If you find the work in this publication useful, the highest compliment you can pay it is to do something similar on a question you care about. The author would rather see ten attempts of this kind on different policy questions, half of them flawed and improving over time, than have this single publication treated as a finished thing.
If you find the work flawed — and it is, in places, real flaws have been named openly across the publication — the second-highest compliment is to engage with it specifically. Tell the author what is wrong. The work is published under CC BY-NC. The author would rather be corrected than carry the errors forward.
If you find the production interesting — the eight hours, the four AI tools, the four weeks of practice that sat behind those eight hours — the right move is not to share it as proof of what AI can do, because that is not what it proves. It proves what one curious citizen, working with AI tools and a goal, can do on one question over eight hours of focused effort, after four weeks of accumulated practice with the same tools across very different work. Whether that scales to other questions, other people, and other goals is the genuinely interesting question, and the only way to find out is for more people to try.
If you find The Many Builders interesting — and you should visit it — the right move is to look. The bear has made a page. Type a name. Then go and dig.
The author's actual view
The substantive view on the IHT question is in the principle piece and the timing piece: the principle of the reform is right, the strongest objection that lands is about the timing rather than the amount, and a realisation-based design would deliver the same fairness with fewer of the side effects critics worry about most. That is the publication's position on the IHT question.

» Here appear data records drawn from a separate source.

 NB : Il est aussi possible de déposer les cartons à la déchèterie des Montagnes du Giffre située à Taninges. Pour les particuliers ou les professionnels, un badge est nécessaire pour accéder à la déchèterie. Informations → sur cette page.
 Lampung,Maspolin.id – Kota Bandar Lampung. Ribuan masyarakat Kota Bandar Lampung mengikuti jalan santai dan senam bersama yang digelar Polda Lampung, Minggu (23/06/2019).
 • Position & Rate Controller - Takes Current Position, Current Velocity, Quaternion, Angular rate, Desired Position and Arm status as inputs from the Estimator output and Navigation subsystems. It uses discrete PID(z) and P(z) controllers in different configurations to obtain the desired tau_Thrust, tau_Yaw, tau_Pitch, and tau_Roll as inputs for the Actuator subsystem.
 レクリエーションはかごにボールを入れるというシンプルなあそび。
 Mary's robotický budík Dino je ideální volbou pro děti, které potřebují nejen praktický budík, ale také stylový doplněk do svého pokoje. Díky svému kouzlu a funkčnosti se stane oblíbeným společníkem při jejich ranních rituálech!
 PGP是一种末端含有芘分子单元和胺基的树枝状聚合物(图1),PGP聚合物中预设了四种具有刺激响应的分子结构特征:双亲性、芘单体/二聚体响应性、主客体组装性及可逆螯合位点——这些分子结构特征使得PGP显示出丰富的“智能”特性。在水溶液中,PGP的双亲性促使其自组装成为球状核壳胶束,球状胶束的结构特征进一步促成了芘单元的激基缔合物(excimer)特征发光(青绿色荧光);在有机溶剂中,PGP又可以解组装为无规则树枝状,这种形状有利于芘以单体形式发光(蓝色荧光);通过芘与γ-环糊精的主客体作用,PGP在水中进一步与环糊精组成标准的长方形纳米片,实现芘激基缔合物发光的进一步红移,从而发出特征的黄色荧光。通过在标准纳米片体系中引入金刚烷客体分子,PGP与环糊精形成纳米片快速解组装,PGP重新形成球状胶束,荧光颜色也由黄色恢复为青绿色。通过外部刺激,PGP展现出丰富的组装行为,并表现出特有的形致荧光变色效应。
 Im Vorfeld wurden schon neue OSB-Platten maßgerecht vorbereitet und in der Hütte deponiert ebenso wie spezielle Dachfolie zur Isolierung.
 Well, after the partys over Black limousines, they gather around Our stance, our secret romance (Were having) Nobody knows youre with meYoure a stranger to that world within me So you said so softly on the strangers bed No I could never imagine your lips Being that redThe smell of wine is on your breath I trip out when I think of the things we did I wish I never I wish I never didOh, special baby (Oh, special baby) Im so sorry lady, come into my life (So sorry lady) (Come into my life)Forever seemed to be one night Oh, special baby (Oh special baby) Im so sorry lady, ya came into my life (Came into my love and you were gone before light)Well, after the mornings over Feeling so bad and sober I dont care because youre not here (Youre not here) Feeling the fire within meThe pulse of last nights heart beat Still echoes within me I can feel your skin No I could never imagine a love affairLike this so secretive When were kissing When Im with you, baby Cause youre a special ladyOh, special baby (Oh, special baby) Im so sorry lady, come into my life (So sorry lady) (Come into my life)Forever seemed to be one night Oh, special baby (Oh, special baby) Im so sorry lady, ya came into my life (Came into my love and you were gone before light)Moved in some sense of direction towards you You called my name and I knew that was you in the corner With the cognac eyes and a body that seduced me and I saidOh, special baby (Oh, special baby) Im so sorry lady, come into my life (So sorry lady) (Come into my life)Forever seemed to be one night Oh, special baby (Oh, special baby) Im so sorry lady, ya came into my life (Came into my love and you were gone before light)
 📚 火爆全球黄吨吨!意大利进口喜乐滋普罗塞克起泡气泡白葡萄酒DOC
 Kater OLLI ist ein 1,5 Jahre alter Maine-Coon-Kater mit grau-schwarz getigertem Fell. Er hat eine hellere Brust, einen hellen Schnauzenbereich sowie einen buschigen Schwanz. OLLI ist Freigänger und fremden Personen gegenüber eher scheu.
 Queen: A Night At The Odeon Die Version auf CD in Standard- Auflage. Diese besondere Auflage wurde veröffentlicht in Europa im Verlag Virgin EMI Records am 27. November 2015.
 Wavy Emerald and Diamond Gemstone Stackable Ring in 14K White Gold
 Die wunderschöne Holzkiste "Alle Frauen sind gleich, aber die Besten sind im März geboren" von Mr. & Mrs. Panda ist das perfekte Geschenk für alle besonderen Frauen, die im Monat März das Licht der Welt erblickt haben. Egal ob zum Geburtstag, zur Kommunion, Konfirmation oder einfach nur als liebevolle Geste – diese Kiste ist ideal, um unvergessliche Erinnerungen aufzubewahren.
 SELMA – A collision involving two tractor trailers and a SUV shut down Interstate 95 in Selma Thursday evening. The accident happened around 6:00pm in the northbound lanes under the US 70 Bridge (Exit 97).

The meta view is the one this page exists to surface, and it is bigger than the IHT question. AI tools have moved the threshold for what a curious citizen with sustained attention can produce — across registers, across formats, across questions, across creative ambition. The implications for the relationship between citizens, governments, the public conversation, and the tools that shape both are larger than the implications for any single tax reform. The IHT analysis is one demonstration. The Many Builders is another, and a stranger one. The trilogy is another. The bear books are another. The author thinks the bigger story is going to be a major part of the public conversation over the next several years, and would rather be a specific set of examples than one more voice talking about it abstractly.
The practice is not finished. Other questions deserve this kind of treatment. Some of them are coming. The author's hope is that other people will do the same on questions he cannot, and that the cumulative effect will be a richer public conversation about the world we are actually building than the current debate produces.
If you are reading this, you are part of how that turns out.
Two corrections logged on the corrections page: the workflow-honesty correction (1 May 2026) replacing earlier "architect" framing; the same-workflow / twelve-hours correction (1 May 2026) replacing the "twelve hours elapsed" framing with the eight-hours-of-real-work figure and naming the variation in intensity across the four weeks.